Красивая девочка, соседка по столу в столовой санатория, оказалась робкой, тихой и глупенькой: её пугало повышенное внимание и забота, которую оказывал ей наш высоченный и худой, как щепка, сосед по столику. Она опять готова была зарыдать, и я тихонько подтолкнул её к «глав-врачихе», которая вела нашу экскурсию. Пожилая женщина-врач опрометчиво по-матерински взяла девочку за руку и та теперь прочно «приклеилась» к ней «на всю оставшуюся жизнь» в санатории. Я, тесно окружённый моими соседями по столику в столовой и другими примкнувшими к нам ребятами, пошёл вместе со всеми по улицам города, добавляя изредка свои мнения и впечатления к рассказу экскурсовода – учителя местной школы.
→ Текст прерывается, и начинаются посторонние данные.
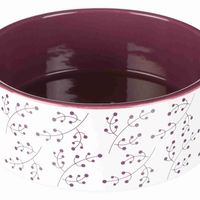 Voer/waterbak, bloemmoetief, keramiek, 1,4 l/ø 20 cm, wit/bes
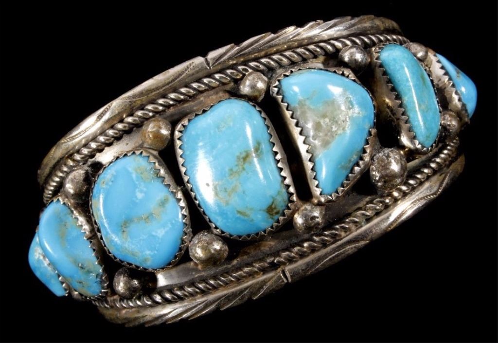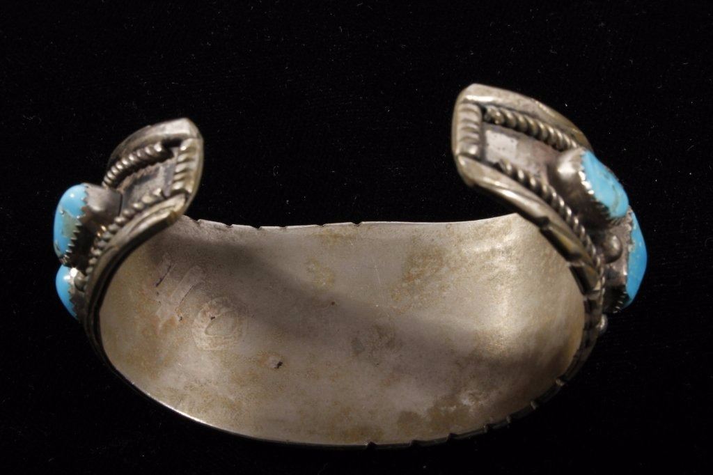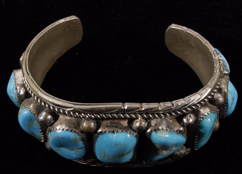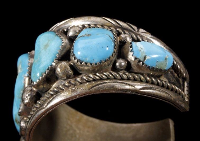 This is a Navajo Native American Indian Turquoise nugget and Old Pawn Silver bracelet or cuff. The early piece shows wonderful bright turquoise polished nugget stones with a wonderful worked silver construction and rope silver. The piece shows good condition. Measures (shipping) 1.5" x 3"W x 1 7/8"H with a 6.5" inside circumference wrist size.

Учитель, невзрачный мужчина 40-45 лет, рассказывал интересно, увлечённо, иногда забывая, что говорить надо громко, чтобы все дети в нашей большой группе-колонне слышали и слушали, что он говорит. Я с самого начала нашей экскурсии заинтересовался тем, что говорил и о чём рассказывал нам этот человек, поэтому молча постарался перебраться из центра колонны ребят поближе к её началу, к этому учителю. За мной последовали мои новые друзья и такие же любознательные ребята и девчонки. Вскоре мы уже соревновались друг с другом за право быть вблизи нашего «Историка» (так мы его сразу же назвали).

«Историк» сначала говорил и рассказывал путано, непонятно, «книжно», научно. Он «сыпал» годами и датами, называл имена исторических личностей, цитировал летописи и книги учёных, но это всё скользило мимо нас, как наши ботинки на тонком весеннем льду лужиц. Мы шли и просто гуляли по старинному городу, который почти не изменился с тех древних годов, о которых рассказывал нам «Историк».
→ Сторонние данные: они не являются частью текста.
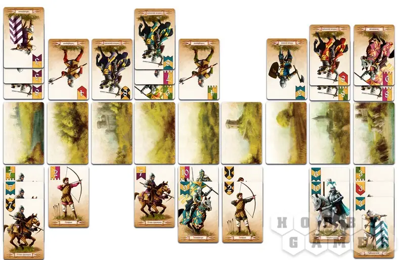 «Баталия» — это дуэльная карточная игра, в которой вам предстоит возглавить средневековые войска с целью захватить стратегически важные территории. Правила игры достаточно просты, а партии скоротечны. Перед началом игры в центре стола выкладывается 9 карт полей боя. Именно за них ведут сражение противники. Тот, кто захватит 3 соседних поля боя или 5 произвольных, побеждает. Каждый ход игроки выкладывают под любым полем боя карту отряда или тактик. Карты тактик изменяют правила боя для конкретного поля. Чтобы игрок захватил поле боя, нужно, чтобы сила его построения под этим полем была выше силы построения противника. Сила построения определяется по комбинации номиналов и цветов выложенных карт отрядов. Также предлагаются правила для игры втроем.

«Историк» сказал, что впервые их город упоминается в летописях с 1565 года, но нам это ничего не говорило. Тогда он предложил нам мысленно посчитать, сколько с того года прошло лет и мы, после нескольких минут всеобщего молчания, начали наперебой кричать, что с того времени прошло уже 399 лет. Эта цифра, особенно эти «99» лет, произвела на нас ошеломляющее впечатление…

- 399 лет назад! – кричал мне в ухо «Дистрофик» (так мы прозвали моего худого, как щепка, друга по застолью в столовой санатория).
– Подумать только! Тут 99 лет – это уже цифра большая, а 300 – ещё больше!
- Да, - вторил ему наш второй товарищ по застолью, которому всё никак не удавалось присвоить какой-нибудь прозвище, потому что он был очень тихий, скромный и незаметный. – Триста это много.
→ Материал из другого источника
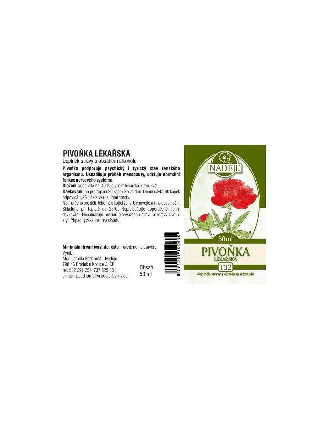 bylinná tinktura z kořene a květu pivoňky 50 ml

- А город-то, Лихвин был! – орал на всю улицу «Дистрофик». – Лихой город! Надо же! Наверно, тут жили отчаянные люди, рубаки, драчуны, силачи! А?!
- Да! – с восторгом убеждённо отвечали мы нашему другу-дистрофику. – Так просто город лихим не назовут.
- Выходит, - орал он в ответ, - мы лихие!? Если живём в Лихвине.
- Да! – хором ревели мы, пугая наших девчонок и редких прохожих. – Мы лихие!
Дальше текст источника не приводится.